Now my understanding is that the one-hot encoding for each of control and treatment is being declared as collinear, could you please tell me how one can run a typical multi-subject (assuming them to be biological replicates) two condition analysis ..
appreciate any help. thanking you shobhit
Hi shobhit,
thank you :)
To fit a multi-subject two-condition analysis, set the design to ~ condition (i.e., drop the subject). This fits a single coefficient explaining the treatment effect for each gene.

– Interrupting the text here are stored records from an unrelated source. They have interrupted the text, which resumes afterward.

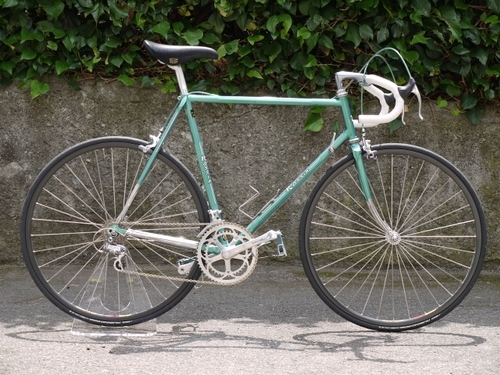 Sehr schön erhaltenes und rares Rossin Prestige. Originale, grün metallisierte Lackierung. (ähnlich Aston Martin) Aufgebaut mit einer NOS Dura Ace 7400 Gruppe.
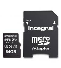 Integral INMSDX64G10 Micro SD Card 64GB with SD Adapter - Class 10 Integral High Speed microSDHC .....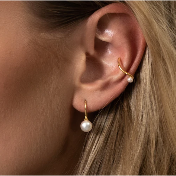 THE EAR CUFF WITH PEARL is the perfect piece to add to your look with pearl earrings. It can be worn by anyone, due to its non piercing ear cuff. The pearl is made out of freshwater pearl which gives every ear cuff a unique and personal appearance. Available in 925 sterling silver with 18k gold plating and have a width of 15 mm. The jewellery is delivered in a luxurious BYBORN box.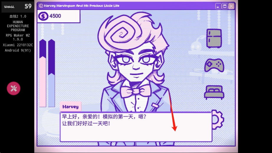 3、阅读角色Harvey的对话内容,了解游戏的日常模拟设定,跟随对话指引可开启新的一天,体验生活模拟玩法。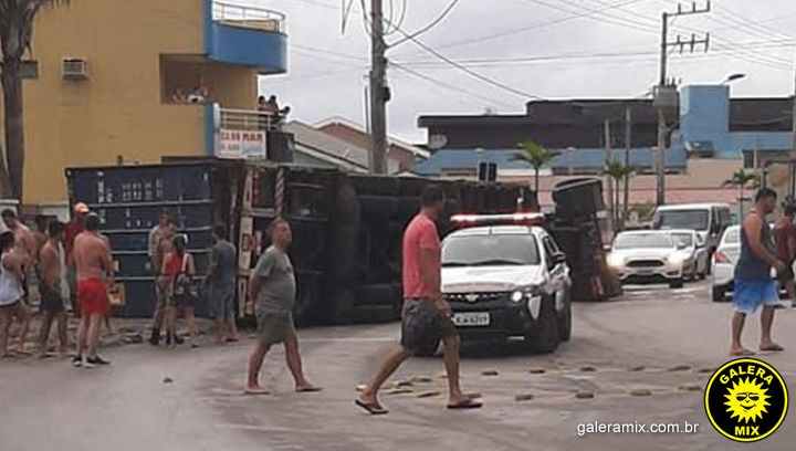 Em Bombinhas, um caminhão tombou em meio à avenida Leopoldo Zarling no início da manhã desta quarta-feira (22).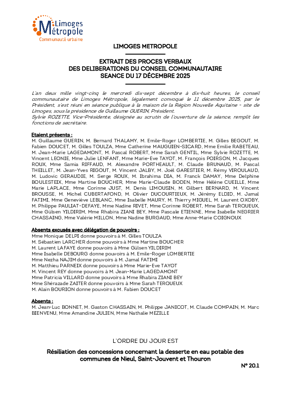 DélibérationRésiliation des concessions concernant la desserte en eau potable des communes de Nieul, Saint-Jouvent et Thouron1 documentPublié le 19 Décembre 2025 Délibération du 17 décembre 2025 20_1.pdf (.pdf, 219,4 Ko) Télécharger Retour à la listeSuivant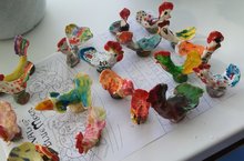 Бүген зурлар төркеме балалары кисеп ябыштыру шөгылендә Экияти кош образын аерым олешлэрен hэм сурэт детальлэрен бизэргэ ойрэнделәр. Активлык, ижадилык, матур эшлэрне аера белу, алар турында сойлэу, кузаллауны устеру максаты куелган иде. Рэсемдэ поэтик образ тудырырга, туры килуче тослэр гаммасын сайларга ойрэту бурычы куелды. Акварель белэн ясау, пумала hэм буяулар белэн дорес куллана белулэрен ныгыту остендә эшләнде. Образлы, эстетик кузаллауларын устерүгә басым ясалды. Экияти кош образын бизәү балаларда зур кызыксыну уятты. Алар шөгыльдә бик теләп катнаштылар.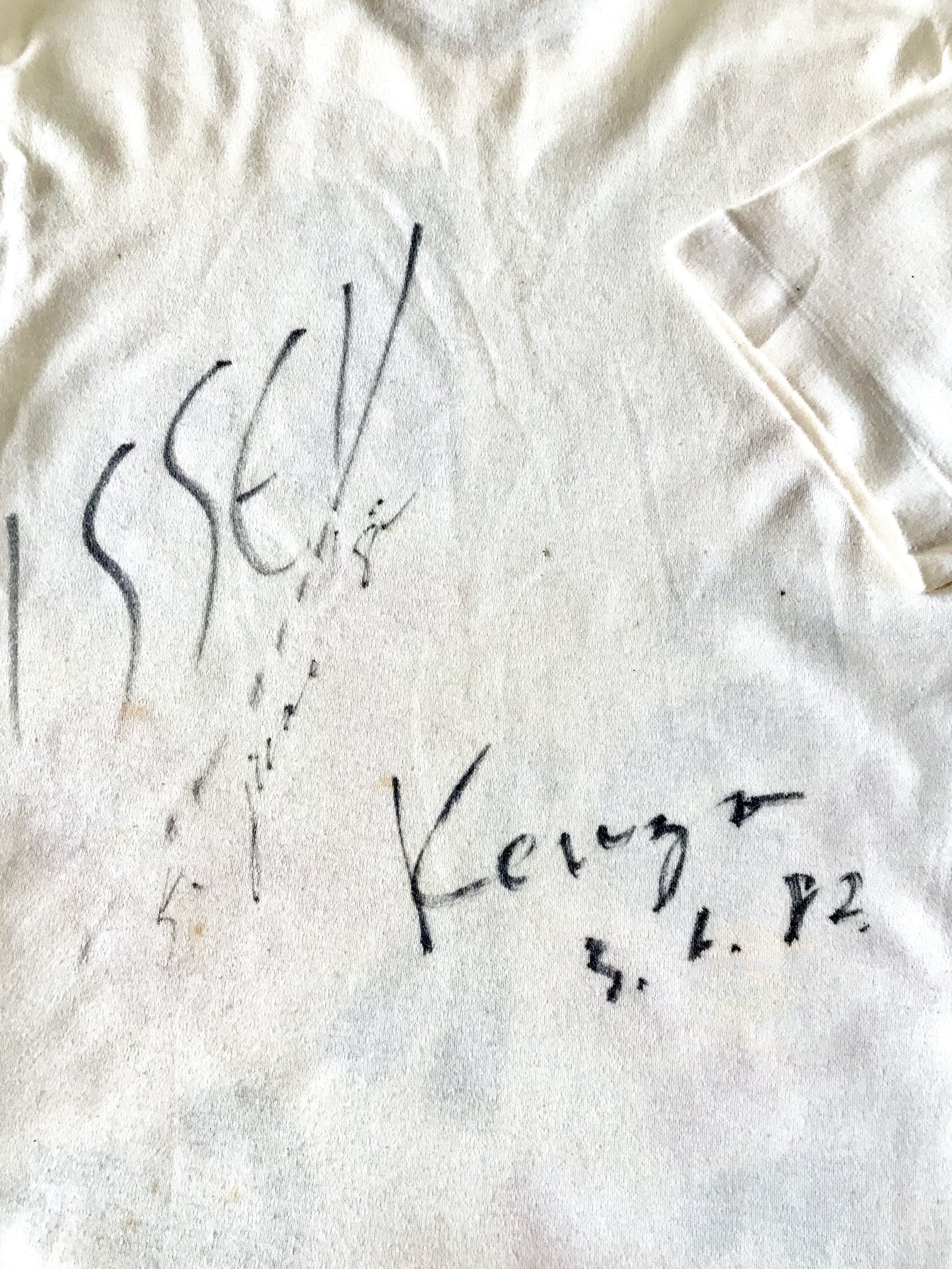 スタッフTシャツの背面に、三宅一生氏と高田賢三氏、2人のデザイナーにサインをしてもらった。(筆者私物)
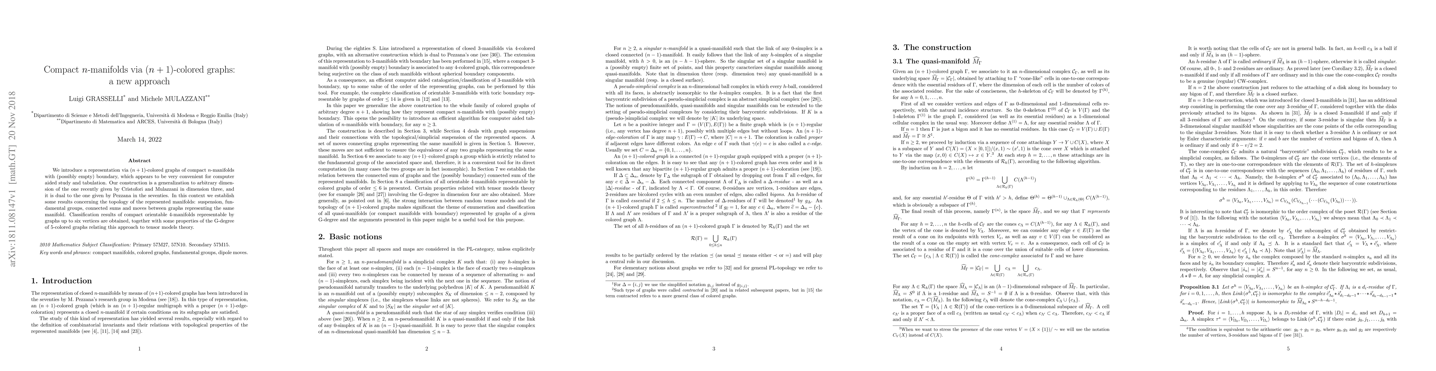 We introduce a representation via (n+1)-colored graphs of compact n-manifolds with (possibly empty) boundary, which appears to be very convenient for computer aided study and tabulation. Our construction is ageneralization to arbitrary dimension of the one recently given by Cristofori and Mulazzani in dimension three, and it is dual to the one given by Pezzana in the seventies. In this context we establish some results concerning the topology of the represented manifolds: suspension, fundamental groups, connected sums and moves between graphs representing the same manifold. Classification results of compact orientable 4-manifolds representable by graphs up to six vertices are obtained, together with some properties of the G-degree of 5-colored graphs relating this approach to tensor models theory.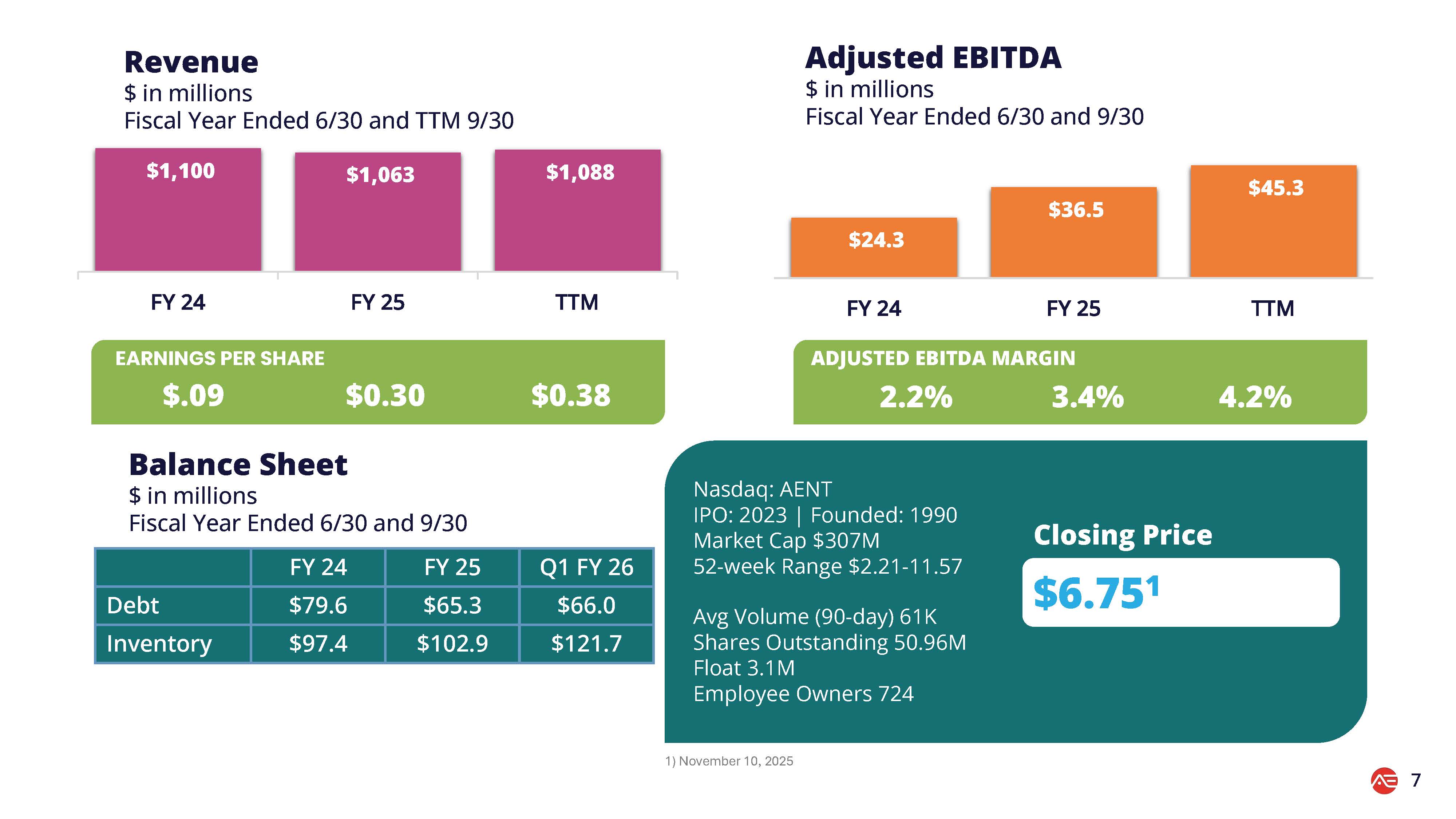 当社の投資家向けプレゼンテーションの最新版は、本フォーム 8-K の別紙 99.2 として添付されています。同プレゼンテーションは、ir.aent.comにある当社ウェブサイトの投資家向けセクションの「投資家向けプレゼンテーション」からオンラインでアクセスできます。当社ウェブサイト上の情報は、本Form 8-Kの一部ではありません。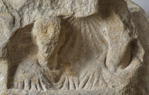 - Relief tlw. abgeschlagen, unten u. rechter Rand verbr., Oberseite rechteckig ausgehöhlt, Dübelloch, Bekrönung u. Sockel fehlen

If you notice that the subject effects are so strong that corresponding cells from different subjects are not aligned after calling align_by_grouping or align_harmony, you can call each method with the argument alignment_design = ~ condition + subject or alignment_design = ~ condition * subject to make the alignment more flexible. However, I advise to only fit different design and alignment_designs if absolutely necessary, as it complicates the interpretation of the effects.
Best, Constantin
Dear Constantin, Thank you very much for the prompt reply, much appreciated. I was thinking of also using just condition for the fit and using align_by_grouping. The only hesitation was regarding the replicates the neighborhood analysis needs, will that still be possible without replicates being mentioned in the design matrix?
thank you once again shobhit
Yes. The way the replicates are specified is through the group_by argument in find_de_neighborhoods. Here you would set group_by = vars(subject, condition).
thanks once again! I will give it a try and get back to you.